Bojonegoro – News PATROLI.COM –
Suasana berbeda terasa di ruang kerja Wakil Bupati Bojonegoro Nurul Azizah, Senin (8/6/2026). Tak seperti hari biasanya, di ruangan tersebut digelar diskusi Membaca Bojonegoro dalam Angka yang dihadiri Badan Pusat Statistik (BPS), beberapa kepala OPD, dan jurnalis.
Diskusi mengupas berbagai program yang berdampak linear di berbagai sektor serta melihat potensi berdasarkan lapangan usaha yang mampu menjadi penyumbang Produk Domestik Regional Bruto (PDRB)–indikator penting yang mengukur nilai total barang dan jasa yang dihasilkan oleh suatu daerah.
Pertumbuhan ekonomi Bojonegoro di berbagai sektor bergerak fluktuatif. Utamanya di sektor pertambangan dan penggalian yang menjadi share terbesar pada perekonomian Bojonegoro, mampu membuat PDRB daerah mengalami kontraksi utamanya disebabkan oleh turunnya lifting migas. Untuk itu, sektor pertanian, kesehatan dan pendidikan masih menjadi penggerak andalan dan sektor prioritas Kabupaten Bojonegoro untuk mendukung pertumbuhan PDRB.
Wakil Bupati Bojonegoro Nurul Azizah menjelaskan, pertumbuhan ekonomi pada triwulan 1 (y-on-y) tumbuh 0,02 di 2026. Pertumbuhan ini masih menunjukkan tren positif jika dibandingkan 2023 yang sempat di angka -3,49. Meski sektor pertambangan turun (y-on-y) di angka -8,78, tapi ada pertumbuhan baik dari sektor pertanian yang naik di angka 11,38 persen. Ini menjelaskan meski adanya pola musiman dan faktor lifting migas, masih ada sektor nonmigas yang menjadi penyumbang PDRB. Utamanya program andalan Kabupaten Bojonegoro yang menyasar sektor pertanian, kesehatan, maupun pendidikan.
“Sedangkan, jika berbicara keterbandingan wilayah Gerbangkertosusila Plus atau G+ di sembilan wilayah, Kabupaten Bojonegoro penyumbang perekonomian terbesar ke-9 kontribusi sebesar 3,20 terhadap Jawa Timur,” jelasnya.

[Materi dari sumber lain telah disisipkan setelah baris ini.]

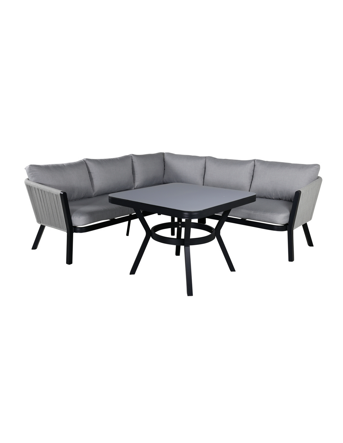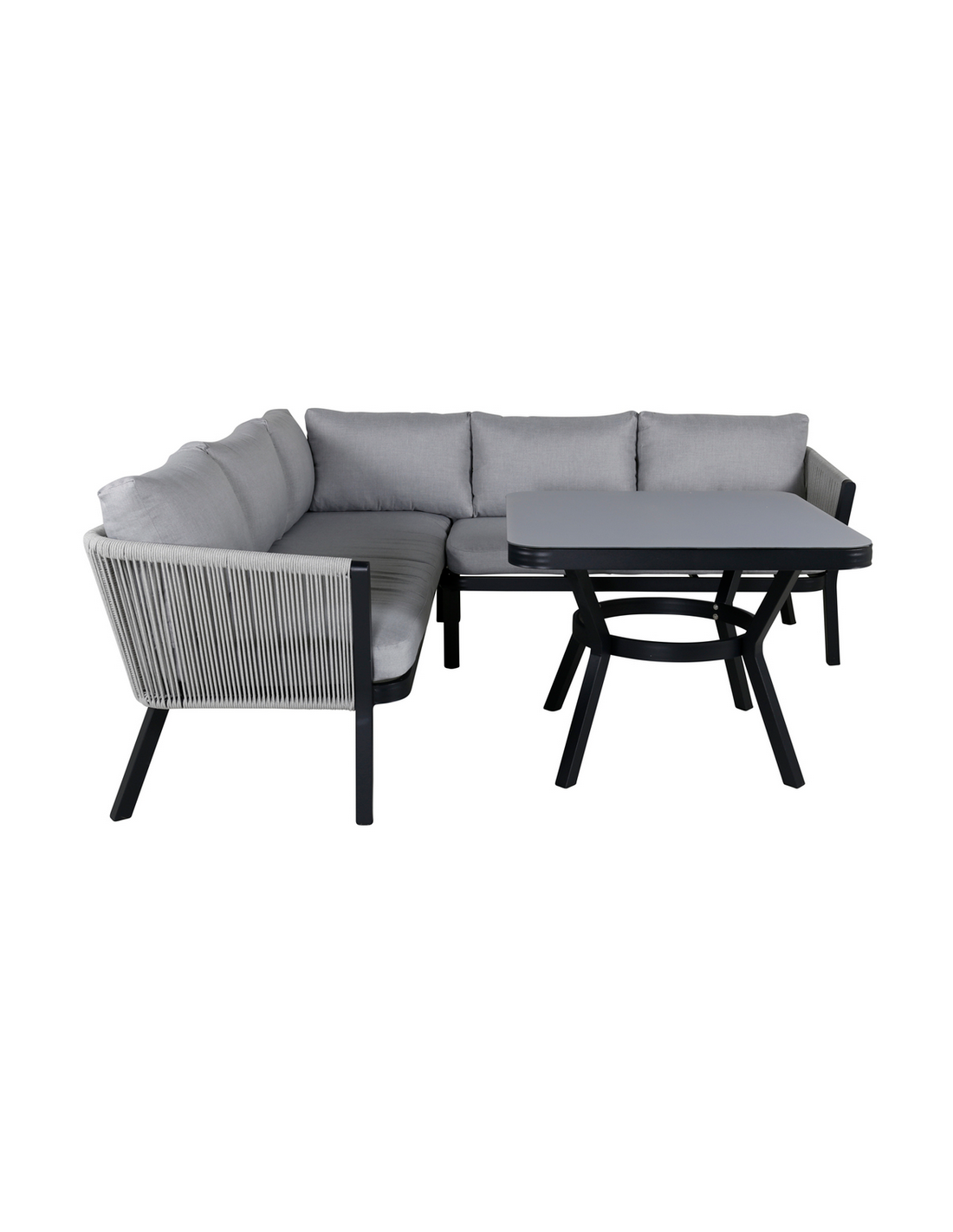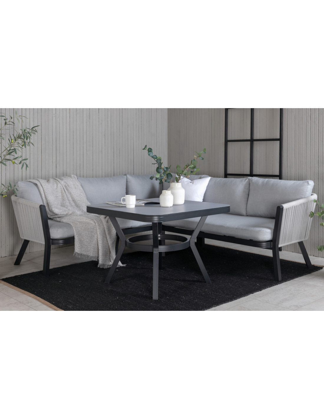 RYA Loungesofa med bord i aluminium og polyester 206 x 220 cm - Sort/Grå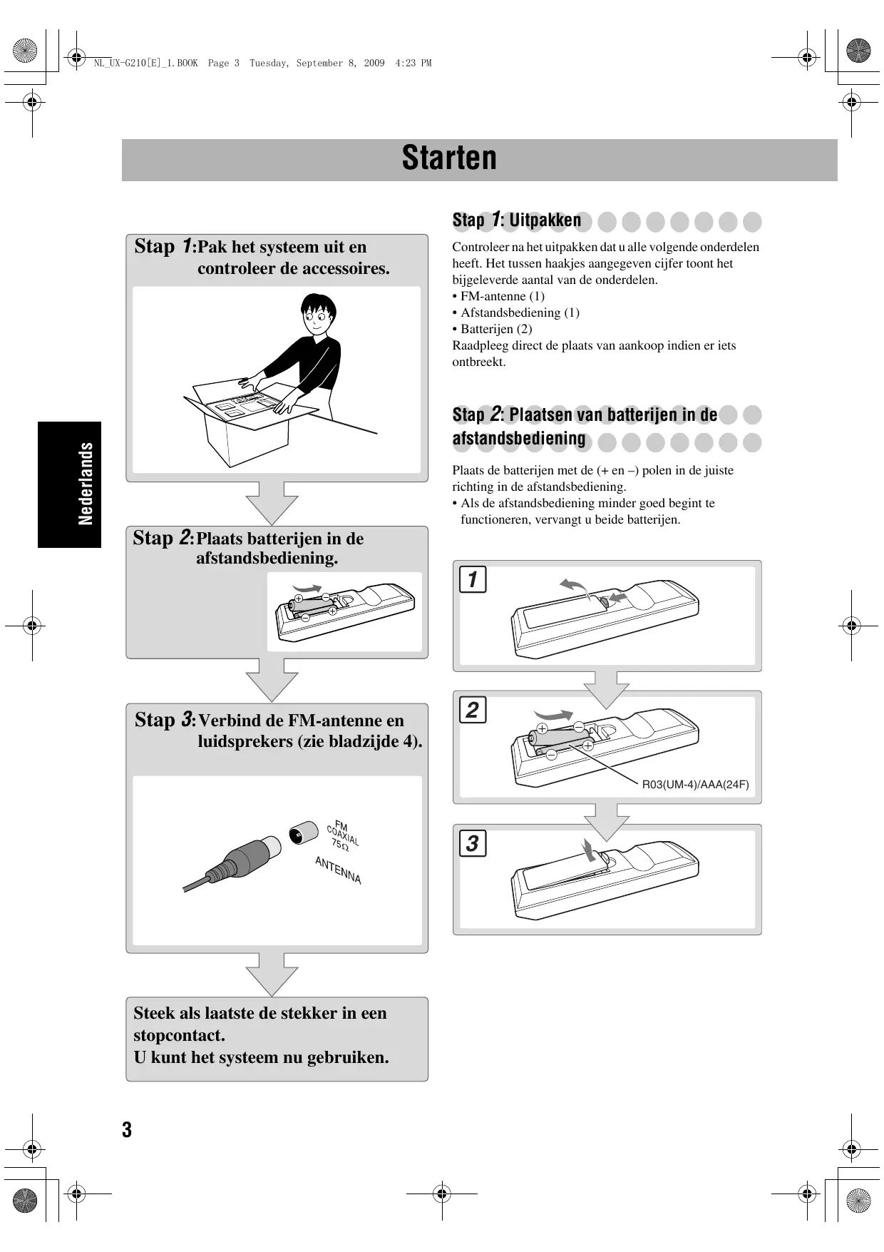 luidsprekers (zie bladzijde 4). R03(UM-4)/AAA(24F)

Pertumbuhan PDRB berdasarkan data BPS ditentukan oleh beberapa sektor. Mulai pertambangan, pertanian, perdagangan, industri pengolahan, kontruksi, informasi dan komunikasi, akomodasi dan makan minum, administrasi pemerintahan, transportasi dan pergudangan. Serta jasa lainnya seperti jasa keuangan, akomodasi dan makan minum, real estate, pendidikan, kesehatan serta adanya peningkatan aktifitas rekreasi dan kegiatan wisata yang semakin beragam. Atau lapangan usaha lain yang masih perlu stimulus ekonomi seperti pengadaan air, listrik dan gas.
Kepala BPS Kabupaten Bojonegoro Syawaluddin Siregar mengklaim secara keseluruhan PDRB Kabupaten Bojonegoro tumbuh positif utamanya sektor pertanian yang tumbuh 11,38 persen.

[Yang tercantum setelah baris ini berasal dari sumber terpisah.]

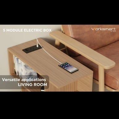 Compact 5-module switch panel, built with safe plastic, is perfect for offices, conference rooms, and home use. It features easy installation and an LED on-off indicator for added convenience.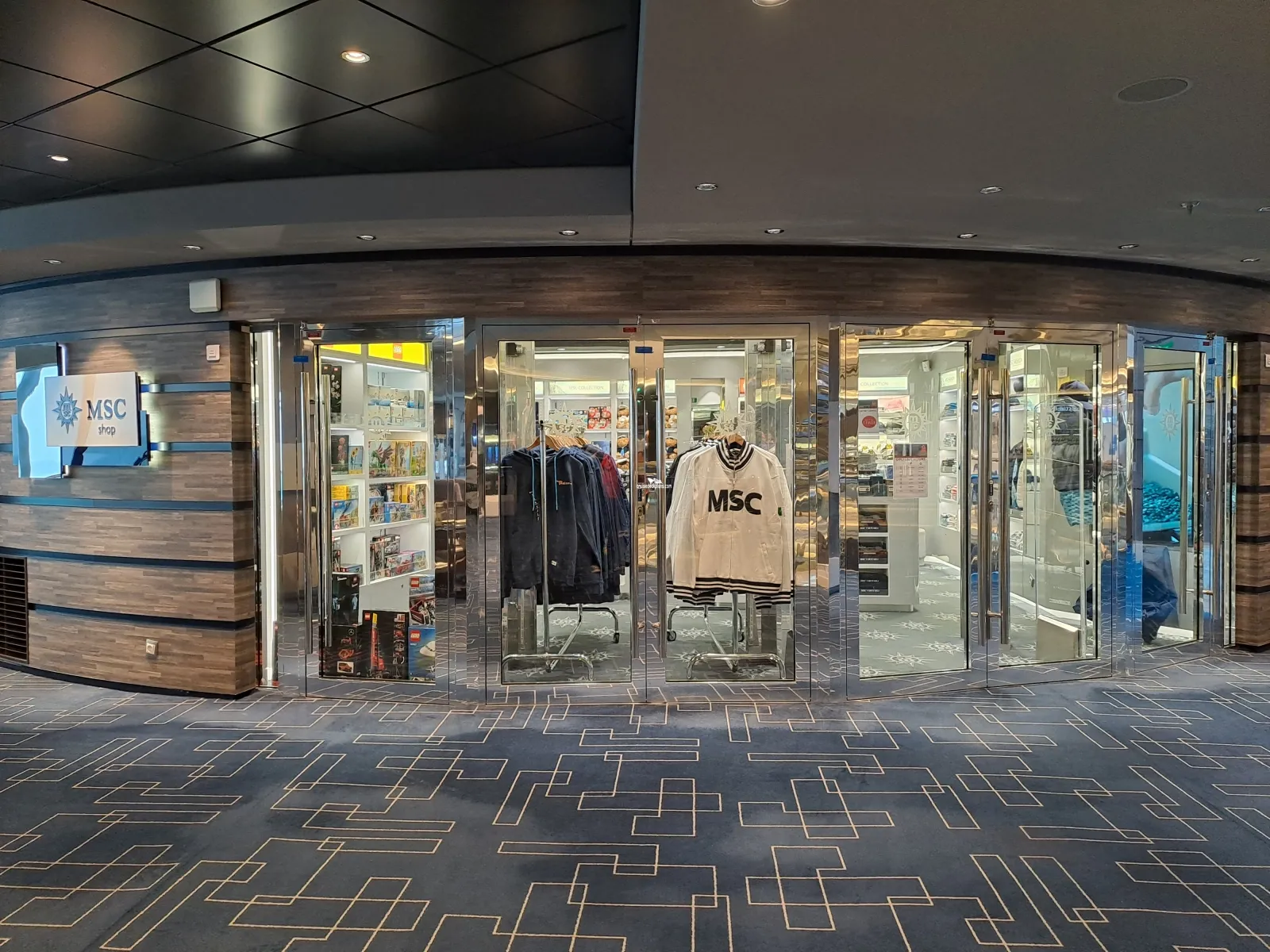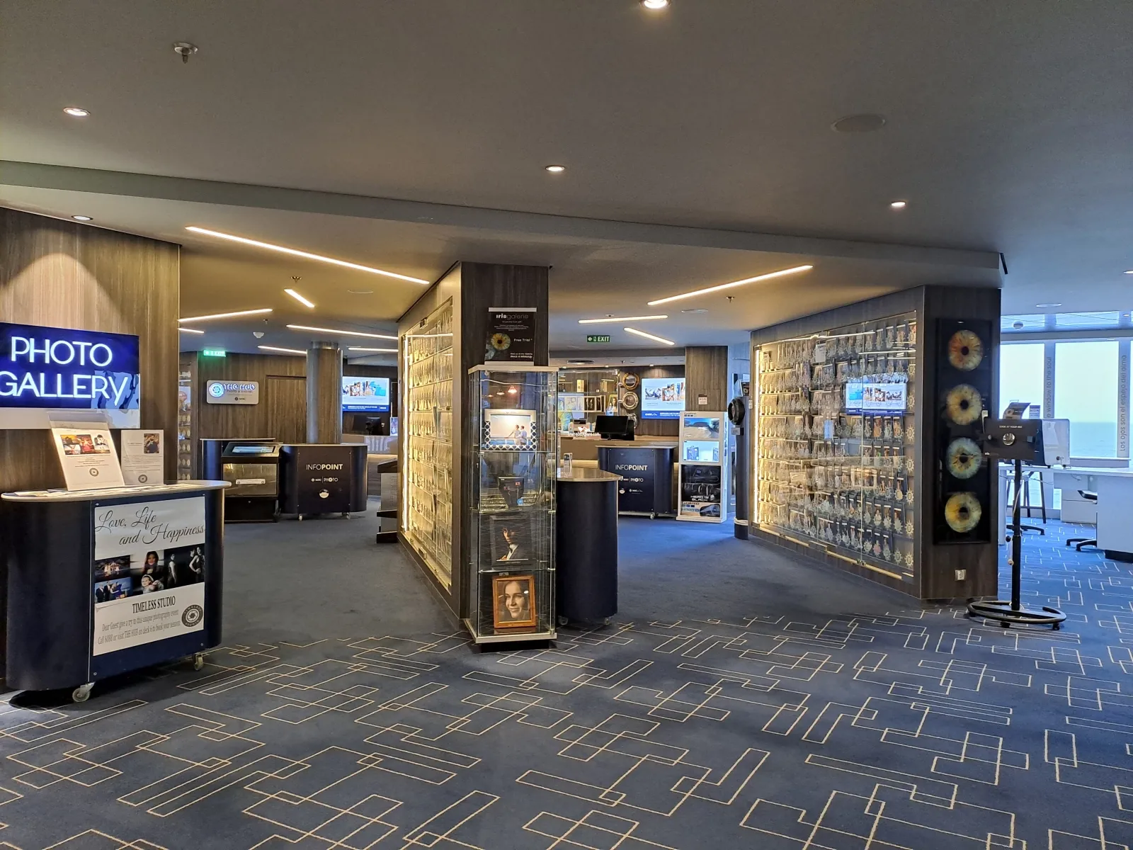 Two level main show lounge seats 945 guests in 10,763 square foot area.Shopping Gallery

“Meski lifting minyak turun sehingga pertumbuhan sektor pertambangan -8,78. Ekonomi kita 46 persen ditopang oleh pertambangan. Ketika pertanian tumbuh tinggi itulah yang mendorong pertumbuhan ekonomi tidak sampai minus,” tandasnya.

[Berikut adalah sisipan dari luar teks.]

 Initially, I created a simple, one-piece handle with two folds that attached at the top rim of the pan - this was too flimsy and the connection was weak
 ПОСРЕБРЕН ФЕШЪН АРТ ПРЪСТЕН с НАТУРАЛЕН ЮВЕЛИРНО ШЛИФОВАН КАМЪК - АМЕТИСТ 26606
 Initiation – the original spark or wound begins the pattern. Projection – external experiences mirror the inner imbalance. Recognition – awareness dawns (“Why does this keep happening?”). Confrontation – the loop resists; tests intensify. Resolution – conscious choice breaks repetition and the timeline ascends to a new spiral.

Pihaknya menjelaskan, tren pertumbuhan ekonomi Kabupaten Bojonegoro di 2023 minus karena pertumbuhan migas tak sebanyak saat ini. Namun pertumbuhan pertanian yang tumbuh positif 2026 menjadi peluang kacamata lainnya. Artinya, Kabupaten Bojonegoro mampu bertumbuh meski sektor pertambangan mengalami pertumbuhan minus.
“Harusnya pertumbuhan ekonomi bergerak inklusif. Artinya semua sektor terbuka bagi semua orang atau merata. Seperti sektor pertanian yang masih menjadi tulang punggung perekonomian masyarakat Bojonegoro. Tidak seperti sektor pertambangan,” imbuhnya.